Defense AI’s GetMove() Priority
- Only make a “protected move” — don’t move a piece to a space where the enemy can capture it on the next turn.
- Put enemy king in check if possible.
- If a piece is in danger of being captured by the enemy next turn, move it to a safe place. There is a priority mechanism here — the AI will move its queen to safety before moving a pawn to safety, for instance.
- Pick a protected move that captures another piece. The same priority mechanism applies — capture the queen or other high-value piece before capturing a pawn.
- If no moves from prior steps, pick any remaining protected move.
- If no protected moves, revert to random AI and pick any legal move.
The offense AI is the same as the defense AI, except steps 3 and 4 are reversed. In other words, it will ignore its own pieces’ safety if there is an opportunity to harm the enemy. Maybe it should be called “berserk” mode. 🙂
In expanding the ChessAI module, I took the opportunity to play around with inheritance in Python. The ChessAI_defense class extends the ChessAI_random class, while the ChessAI_offense class extends ChessAI_defense. They each have a GetMove() functions, so I don’t have to worry which class my AI object is from when I need to get a move from it in the main game loop.
I also created a sideline program called PythonChessAIStats.py. Since I can pit one AI vs. a different AI, I thought it would be cool to see how well they do versus each other. This could be used in the future to rank new AI approaches. The AIs all rely on random numbers to some extent, so in order to make the tests repeatable, the script reads in numbers from a file and uses them to seed Python’s random number generator. (I used RANDOM.ORG to generate 100 random seeds.) Sometimes the AI vs. AI won’t end (they just end up moving the same pieces back and forth), so I end the game after 200 turns and call it a tie if no one is in checkmate yet.

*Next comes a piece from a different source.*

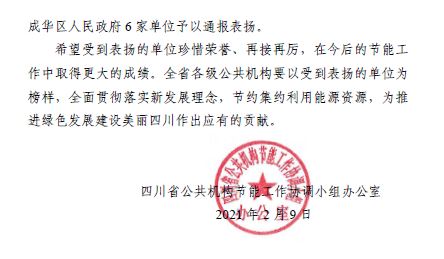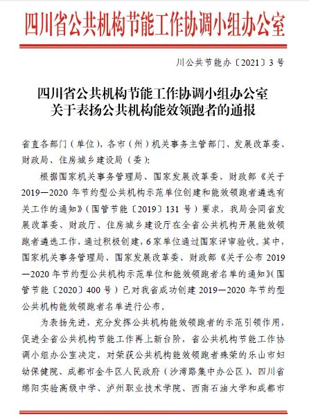 2月9日,四川省公共机构节能工作协调小组办公室公布关于表扬公共机构能效领跑者的通报,我校节能工作获通报表扬。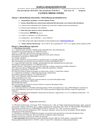 KARTA CHARAKTERYSTYKI Sporządzona zgodnie z Rozporządzeniem WE Nr 1907/2006 (REACH) oraz z Rozporządzeniem Komisji (UE) 453/2010 Data sporządzenia: 08.03.2010 r. Data aktualizacji: 03.09.2014 r. Ilość stron: 1/6 wersja:2.0 CLINEX SHINE STEEL Sekcja 1. Identyfikacja mieszaniny i identyfikacja przedsiębiorstwa. 1.1 Identyfikator produktu: CLINEX SHINE STEEL 1.2 Istotne zidentyfikowane zastosowania substancji lub mieszaniny oraz zastosowania odradzane: 1.2.1 Zastosowania zidentyfikowane: Preparat do czyszczenia i nabłyszczania stali nierdzewnej 1.2.2 Zastosowania odradzane: Nie określono 1.3 Dane dotyczące dostawcy karty charakterystyki: 1.3.1Dystrybutor: AMTRA Sp. z o. o. 1.3.2 Adres: ul. Schonów 3, 41-200 Sosnowiec 1.3.3 Telefon/Fax: +48 32 2944100 / + 48 32 2944139 1.3.4 Adres email osoby odpowiedzialnej za kartę charakterystyki: [email protected] 1.4 Numer telefonu alarmowego: +48 32 294 41 30 (w godzinach 800- 1600), 112 ( ogólny telefon alarmowy),998 Sekcja 2. Identyfikacja zagrożeń. 2.1 Klasyfikacja mieszaniny: 2.1.1. Zagrożenia dla człowieka: Produkt został sklasyfikowany jako niebezpieczny Klasyfikacja wg Rozporządzenia 1272/2008/WE (CLP) Asp.Tox.1- Zagrożenie spowodowane aspiracją, kategoria 1 H304-Połknięcie i dostanie się przez drogi oddechowe może grozić śmiercią Klasyfikacja wg Dyrektywy 1999/45/WE Xn- Produkt szkodliwy R65-Działa szkodliwie; może powodować uszkodzenie płuc w przypadku połknięcia. R66- Powtarzające się narażenie może powodować wysuszanie lub pękanie skóry 2.1.2 Zagrożenie dla środowiska: Produkt jest klasyfikowany jako niebezpieczny dla środowiska. Klasyfikacja wg Rozporządzenia 1272/2008/WE (CLP) Aquatic Chronic 4- Stwarzające zagrożenie dla środowiska wodnego, kategoria przewlekła, kategoria 4 H413-Może powodować długotrwałe szkodliwe skutki dla organizmów wodnych Klasyfikacja wg Dyrektywy 1999/45/WE R53-Może powodować długo utrzymujące się niekorzystne zmiany w środowisku wodnym. 2.1.3 Zagrożenia wynikające z właściwości fizycznych i chemicznych: Klasyfikacja wg Rozporządzenia 1272/2008/WE (CLP) Flam. Liq.3-Substancja ciekła łatwopalna, kategoria 3 H226- Łatwopalna ciecz i pary EUH066-Powtarzające się narażenie może powodować wysuszanie lub pękanie skóry Klasyfikacja wg Dyrektywy 1999/45/WE R10-Produkt łatwopalny R66- Powtarzające się narażenie może powodować wysuszanie lub pękanie skóry 2.2. Elementy oznakowania: 2.2.1 Oznaczenie literowe i określenie niebezpieczeństwa: H226- Łatwopalna ciecz i pary. H304-Połknięcie i dostanie się przez drogi oddechowe może grozić śmiercią. H413-Może powodować długotrwałe szkodliwe skutki dla organizmów wodnych. 2.2.2 Nazwy niebezpiecznych składników umieszczone na etykiecie: węglowodory, C11-C12, izoalkany aromatyczne < 2% 2.2.3 Symbol zagrożenia: NIEBEZPIECZEŃSTWO 2.2.4Warunki bezpiecznego stosowania: P210- Przechowywać z dala od źródeł ciepła/iskrzenia/otwartego ognia/ gorących powierzchni. Palenie wzbronione. P273- Unikać uwolnienia do środowiska. P301+P310- W PRZYPADKU POŁKNIĘCIA: Natychmiast skontaktować się z OŚRODKIEM ZATRUĆ/ lekarzem. P331- NIE wywoływać wymiotów. P405- Przechowywać pod zamknięciem. P501- Zawartość/ pojemnik usuwać do usuwać do punktów zbiórki odpadów niebezpiecznych lub specjalnych. 2.2.4Dodatkowe informacje: EUH066-Powtarzające się narażenie może powodować wysuszanie lub pękanie skóry Zawiera d-Limonen (Limonene). Może powodować wystąpienie reakcji alergicznej. Produkt przeznaczony wyłącznie do użytku zawodowego. 2.3 Inne zagrożenia: Brak informacji na temat spełniania kryteriów PBT lub vPvB zgodnie z załącznikiem XIII Rozporządzenia Komisji (UE) Nr 253/2011 z dnia 15 marca 2011r. Badania nie zostały przeprowadzone. KARTA CHARAKTERYSTYKI Sporządzona zgodnie z Rozporządzeniem WE Nr 1907/2006 (REACH) oraz z Rozporządzeniem Komisji (UE) 453/2010 Data sporządzenia: 08.03.2010 r. Data aktualizacji: 03.09.2014 r. Ilość stron: 2/6 wersja:2.0 CLINEX SHINE STEEL Sekcja3.Skład i informacje o składnikach 3.1 Substancje: Nie dotyczy 3.2 Mieszaniny: Nazwa chemiczna składnika Zakres stężeń Numer CAS Numer WE Węglowodory, C11-C12, izoalkany aromatyczne <2% Nr rejestracji: 0121194472146-39-0001 64%-65% 64741-65-7 918-167-1 Klasyfikacja wg 67/548/EWG Xn, R65, R66, R53 Klasyfikacja wg 1272/2008/WE Flam. Liq..3; H226 Asp. Tox.1; H304 Aquatic Chronic.4; H413, EUH 066 SEKCJA 4. ŚRODKI PIERWSZEJ POMOCY 4.1 Opis środków pierwszej pomocy: 4.1.1 Połknięcie: W razie połknięcia przepłukać jamę ustną, wyjąć protezy dentystyczne jeśli są. Przetransportować do najbliższej placówki medycznej celem podjęcia leczenia. Pokazać opakowanie lub etykietę. Jeśli wystąpią spontanicznie wymioty, trzymać głowę poniżej bioder. Nie wywoływać wymiotów. 4.1.2. Zatrucie inhalacyjne: Wynieść poszkodowanego z miejsca narażenia i zapewnić dostęp świeżego powietrza oraz spokój i odpoczynek. W przypadku dolegliwości (kaszel, wymioty, zawroty głowy, świszczący oddech) zapewnić pomoc lekarską. Nieprzytomnego ułożyć w pozycji bocznej. 4.1.3. Skażenie skóry: Zdjąć skażoną odzież. Skórę zmyć ciepłą wodą z mydłem. W razie wystąpienia podrażnienia skóry skontaktować się z lekarzem. 4.1.4.Skażenie oczu: Jeżeli poszkodowany nosi szkła kontaktowe niezwłocznie je wyjąć. Dokładnie przemyć oczy dużą ilością wody, wywijając powieki. Zapewnić pomoc okulisty. Uwaga: osoby narażone na skażenie oczu powinny być pouczone o konieczności i sposobie natychmiastowego płukania oczu 4.2 Najważniejsze ostre i opóźnione objawy oraz skutki narażenia: Zapalenie skóry może obejmować wrażenie pieczenia lub suchy/popękany wygląd skóry. Podrażnienie skóry może wrażenie pieczenia, zaczerwienienia, obrzęk lub pęcherze. Inne objawy centralnego układu nerwowego mogą obejmować ból głowy, nudności i brak koordynacji.

Here’s a summary of some trials I did (X = no trial):
|Win – Loss – Tie||AI Opponent (black)|
|AI Player (white)||Random AI||Defense AI||Offense AI|
|Random AI||X||0 – 78 – 22||0 – 81 – 19|
|Defense AI||X||32 – 44 – 24||21 – 47 – 32|
|Offense AI||X||32 – 44 – 24||21 – 47 – 32|
The new AIs are clearly better than just randomly moving about, so that’s good. Interesting that numbers for Defense vs. Defense are the same as for Offense vs. Defense….

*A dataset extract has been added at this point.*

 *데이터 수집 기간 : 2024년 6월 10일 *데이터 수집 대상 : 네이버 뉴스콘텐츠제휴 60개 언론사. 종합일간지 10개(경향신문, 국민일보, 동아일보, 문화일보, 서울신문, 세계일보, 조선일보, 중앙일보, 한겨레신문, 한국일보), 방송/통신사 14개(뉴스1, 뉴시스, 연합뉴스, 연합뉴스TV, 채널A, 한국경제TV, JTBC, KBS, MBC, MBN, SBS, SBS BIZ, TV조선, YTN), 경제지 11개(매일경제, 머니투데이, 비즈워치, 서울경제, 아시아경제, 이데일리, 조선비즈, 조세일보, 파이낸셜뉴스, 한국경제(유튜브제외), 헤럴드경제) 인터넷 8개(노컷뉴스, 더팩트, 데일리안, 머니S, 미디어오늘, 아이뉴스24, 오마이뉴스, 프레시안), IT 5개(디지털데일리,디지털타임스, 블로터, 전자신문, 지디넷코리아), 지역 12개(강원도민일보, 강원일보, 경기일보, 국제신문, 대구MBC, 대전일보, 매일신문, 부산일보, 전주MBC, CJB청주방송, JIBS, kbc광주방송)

This version of Python Chess also has better command line parsing. I found out about Python’s OptionParser class and used it. Both PythonChessMain.py and PythonChessAIStats.py can be run from the command line with a number of options — the -h option should display all of the other available options and usage.

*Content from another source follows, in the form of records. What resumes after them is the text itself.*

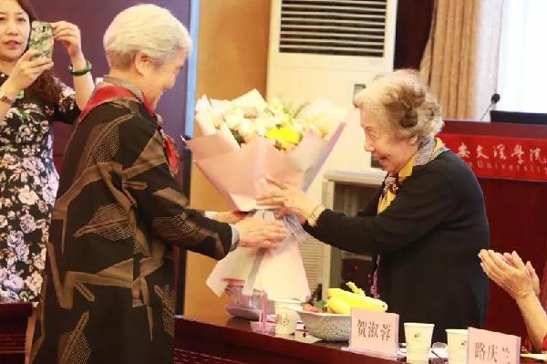 参加活动的全体员工集体朗诵诗歌《短》,通过一字一句,真诚的表达了员工们对幼教事业的热爱、对过往岁月的怀念和对母校培养的感谢。员工员工代表胡宝杰向恩师蒋彦璎奉献鲜花以表浓浓育恩。
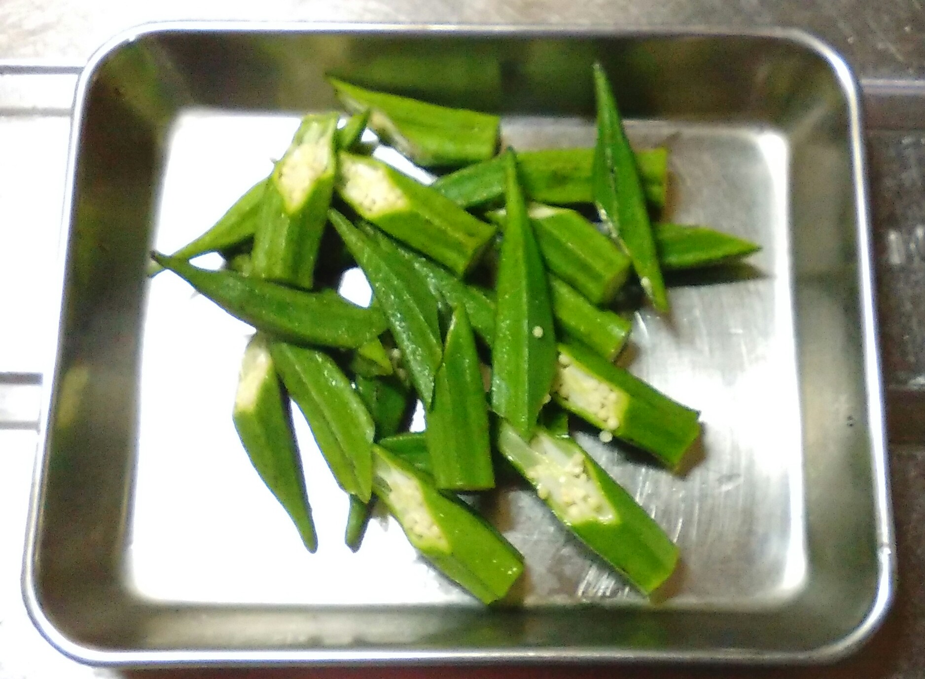 オクラはヘタを切り斜めに半分に切る。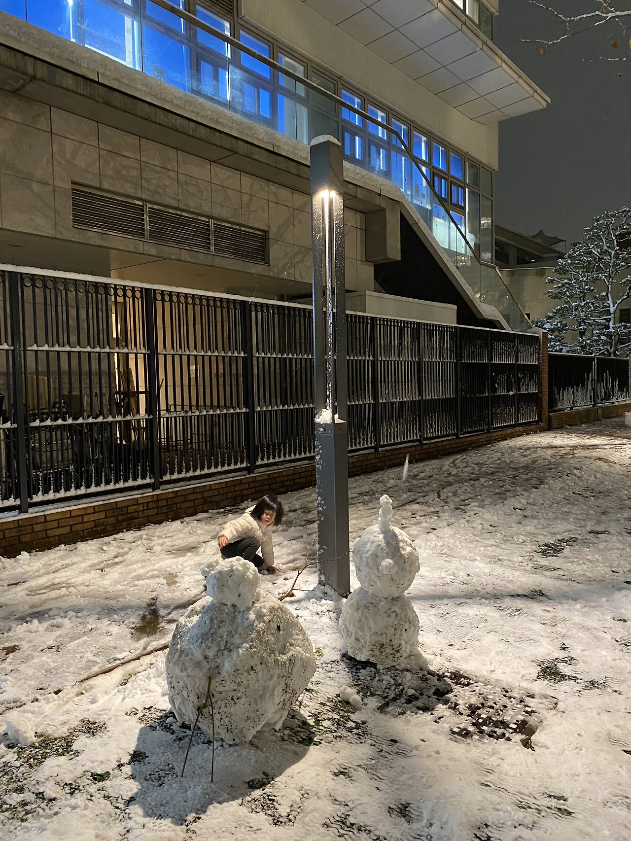 어둠이 내리고 눈발이 약해지니 집 앞 작은 공원으로 사람들이 하나둘 몰려들어 눈사람을 만들거나 눈싸움을 하며 도쿄에서 귀하디 귀하신 쌓인 눈을 즐기기 시작했다.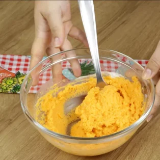 Despeje tudo em uma tigela de vidro e adicione ¾ de farinha e 1 colher de chá de fermento e mexa bem tudo.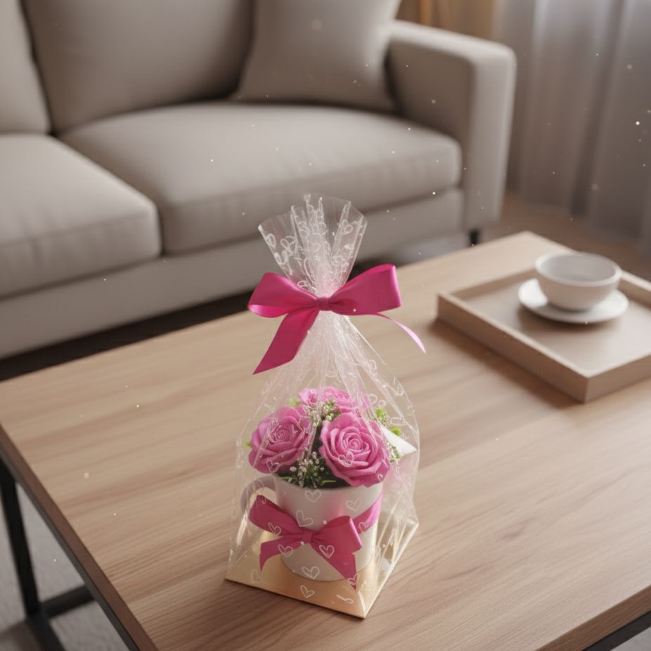 А какой из этих трёх розовых бутонов исполнит ваше желание? Нежные розы в крафтовом стаканчике.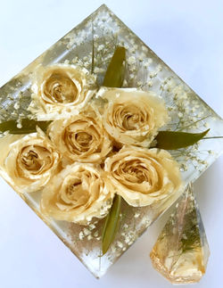 We use silica gel as a method for drying our client’s flowers, as it helps to maintain their original shape and color. However, it is important to note that not all flowers dry well and some colors may change during the drying process. For instance, red roses may dry to a burgundy color, while white roses may dry to a cream or yellow tone. Blush roses may also lose their pink tone and dry to a yellow color. Additionally, many tropical flowers do not dry well. Tropical flowers such as white anthuriums may dry to a brown color and become extremely thin and fragile. It is also important to note that succulents do not dry well and should not be used in resin pieces as moisture can cause them to rot.

I tried to make a standalone windows executable using py2exe (there are a couple of scripts in the .zip file that try to do that), which is supposed to wrap up the code along with all of the required libraries and the python interpreter into an executable, so it can be run on a Windows machine without the user having to have everything pre-installed. Would be useful for producing a game for the masses, but it wouldn’t work for me. The script runs and builds an executable, but it crashes when I try to run it. I’ll have to investigate further.